London, Tate Britain, Constable, 1991, no. 237
Berlin, Staatliche Museen zu Berlin, Linie, Licht und Schatten. Meisterzeichnungen und Skulpturen der Sammlung Jan und Marie-Anne Krugier-Poniatowski, 1999, no. 59
Venice, Peggy Guggenheim Collection, The Timeless Eye. Master Drawings from the Jan and Marie-Anne Krugier-Poniatowski Collection, 1999, no. 92
Madrid, Museo Thyssen-Bornemisza, Miradas sin Tiempo. Dibujos, Pinturas y Esculturas de la Coleccion Jan y Marie-Anne Krugier-Poniatowski, 2000, no. 89


Ian Fleming-Williams, 'Early Constable: New Watercolours and Drawings,' The Connoisseur, vol. 206, January 1981, fig. 4, illustrated p. 61
Ian Fleming-Williams & Leslie Parris, The Discovery of Constable, London, 1984, pp. 177 & 259
Ian Fleming-Williams, Constable and his Drawings, London, 1990, illustration of the verso, p. 83
Stephen Hebron, Conal Shields, Timothy Wilcox, The Solitude of Mountains, Constable and the Lake District, Grasmere, 2006, illustrated fig. 24 


This is an extremely rare drawing, being only one of four known works to have survived unfaded from Constable's 1806 tour of the Lake District. Recto: The pigments are fresh and rich. There are occasional creases in the sheet, which can only be seen on close inspection. Verso: The medium remains very strong and fresh. The sheet has been window mounted to display both sides.
"In response to your inquiry, we are pleased to provide you with a general report of the condition of the property described above. Since we are not professional conservators or restorers, we urge you to consult with a restorer or conservator of your choice who will be better able to provide a detailed, professional report. Prospective buyers should inspect each lot to satisfy themselves as to condition and must understand that any statement made by Sotheby's is merely a subjective, qualified opinion. Prospective buyers should also refer to any Important Notices regarding this sale, which are printed in the Sale Catalogue.

Catalogue Note

Constable executed this superbly preserved double-sided sheet while on his only sketching tour of the Lake District in September and October of 1806. This tour is often described as a pivotal moment in the young artist's career. Still only thirty years of age, he spent just under two months exploring the rugged mountains, remote lakes and isolated valleys of Cumberland and Westmoreland. This dramatic landscape, so different from his native Suffolk, not only inspired within him great artistic creativity, but also enabled him to scale new heights with his use of the medium of watercolour.

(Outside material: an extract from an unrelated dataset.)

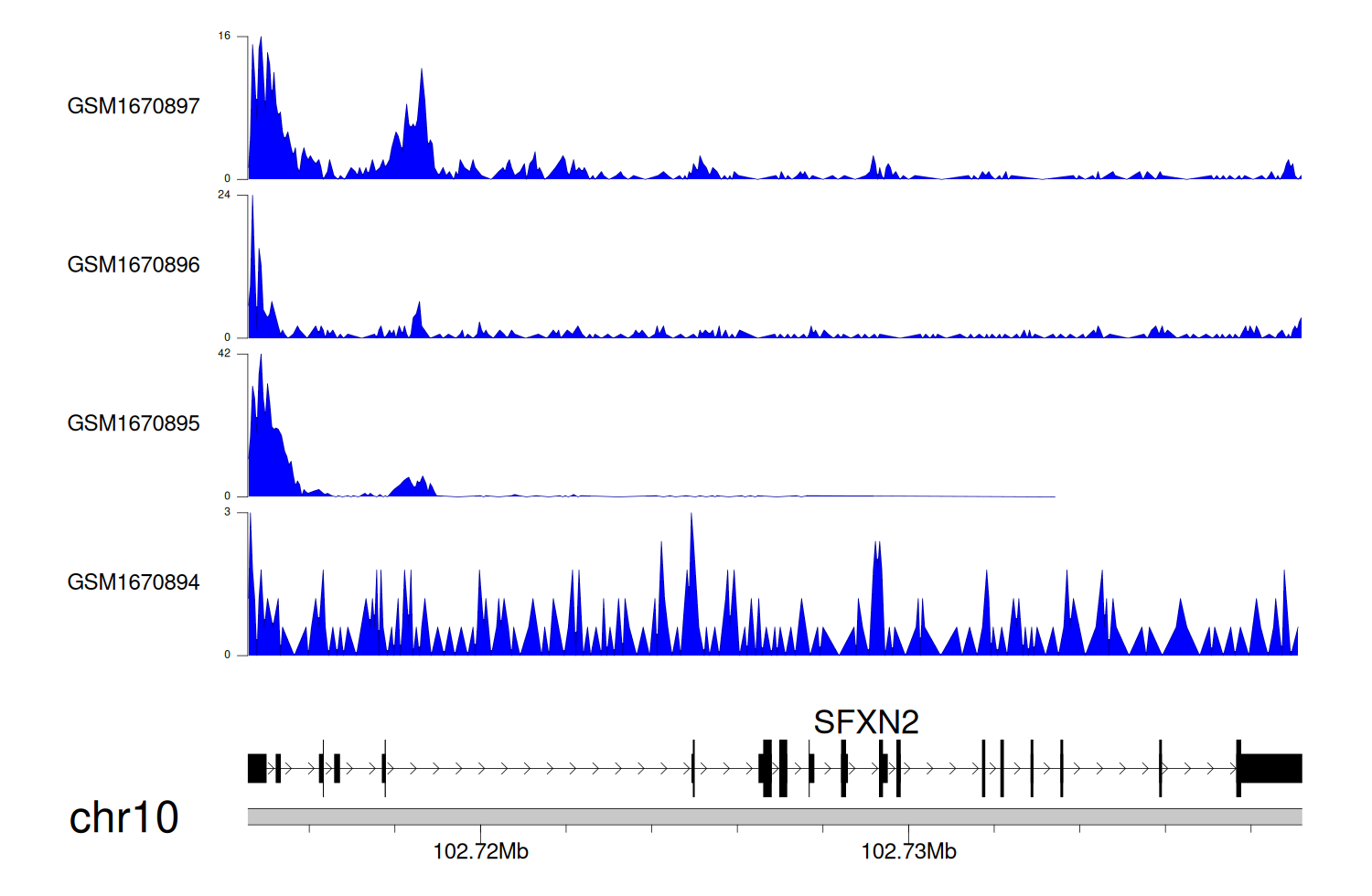 > Dataset: GSE64877 - SFXN2 peak across samples

The recto of this sheet shows the valley of Borrowdale, looking south, towards the Glaramara mountain range. Constable spent a full three weeks in and around this area and he experienced it in every kind of weather. To the right, Constable depicts majestic slopes and peaks bathed in a soft and warm evening sunlight, while to the left, the moon rises gently above Eagle Crag. In 1806, a full moon was recorded on the 27th September and scholars, having noted that Constable's moon is well over three-quarters full, have suggested that this side of the sheet was drawn on or around the 23rd September (S. Hebron, C. Shields, T. Wilcox, The Solitude of Mountains, Constable and the Lake District, Grasmere 2006, p. 112). Although this can never be fully verified, what is entirely certain is that that particular evening was a clear and dry one, offering the young artist a rare opportunity to record the effects of both sun and moon light. 

Constable is very likely to have created the drawing on the reverse of this sheet at around the same date, as it depicts part of the hamlet of Watendlath, which lies only a short distance to the east of Borrowdale. It was a well known beauty spot and Constable may also have been encouraged to visit the valley by his patron Sir George Beaumont. Sir George was a talented amateur artist in his own right and a pencil sketch by him, showing the same bridge as in the present work, survives in the Wordsworth Trust Museum (Hebron, Shields & Wilcox, op. cit., p. 142). 

Although Constable was prolifically active during his Lake District tour, creating nearly one hundred drawings and watercolours, many of the surviving watercolours have sadly suffered from the effects of light. The present work is particularly important as it is one of only four known examples which has remained unfaded.